A failing job has scheduled = true and last_run_status = 'Failed': it is being run on cadence but its body errors, so the fix is in the job’s logic or environment (read job_errors). A not scheduled job has scheduled = false: it is not being run at all, so no error is being generated — the fix is to resolve whatever caused the pause and re-enable it. Confusing the two wastes time looking for an error that a paused job will never produce.

How do I tell a starved job from a genuinely stalled one?

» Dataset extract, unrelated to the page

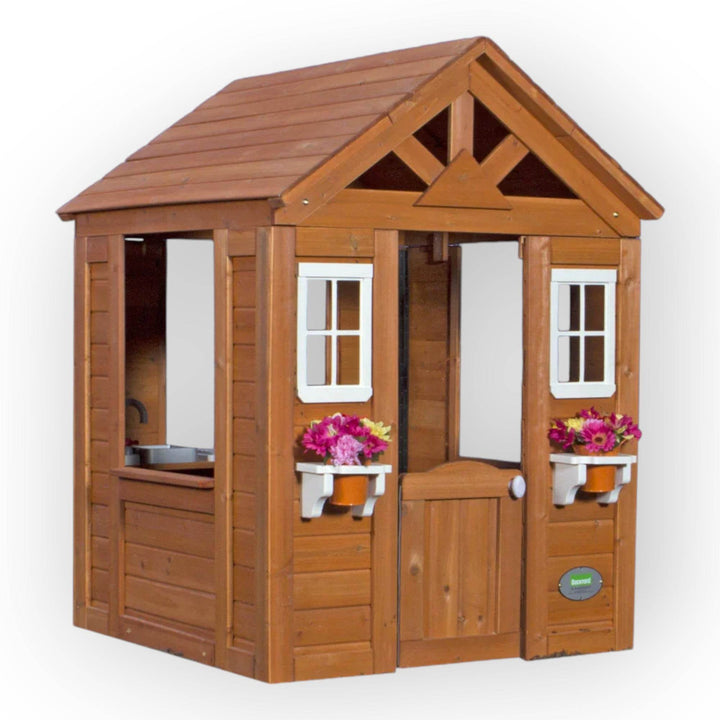 The Timberlake Playhouse is a great playhouse that the whole gang will love. It has wide windows that sunny breezes can blow through. The front is adorned with flower pot holders and a cute half-door.

Both show an overdue next_start with no recent success, so the catalog alone cannot separate them. Query pg_stat_activity: if the worker pool is fully busy (busy workers equal timescaledb.max_background_workers) the job is starved and the fix is more workers; if the pool is idle the job is stalled on something specific — a lock, a crashed scheduler, or a manually advanced next_start — and needs individual investigation.

Why does job_stats show no row for a job that clearly exists?

job_stats only gains a row once a job has run at least once. A newly registered job appears in jobs immediately but has a NULL join result in job_stats until its first execution. Treat last_run_status IS NULL as “never run,” which is distinct from failed and usually resolves itself on the next scheduled tick — unless the pool is starved and the first run never happens.

Can I trust a monitoring job that runs inside the same scheduler it monitors?

Partly. An in-database job is fine for catching individual failing or stalled policies, but it cannot report the scheduler’s own death — a dead scheduler runs nothing, including the monitor. Pair it with an external check (cron, Airflow, or a Prometheus scrape) that opens its own connection and runs the pg_stat_activity scheduler-liveness query, so total scheduler failure is still caught.

Does resetting job statistics lose my failure history?

total_runs, total_successes, and total_failures are cumulative counters that persist across restarts, and there is no supported way to zero them without dropping and recreating the job. If you want failure-rate windows rather than lifetime totals, snapshot the counters into your own audit table on a schedule and compute deltas — that also feeds cleanly into exported metrics.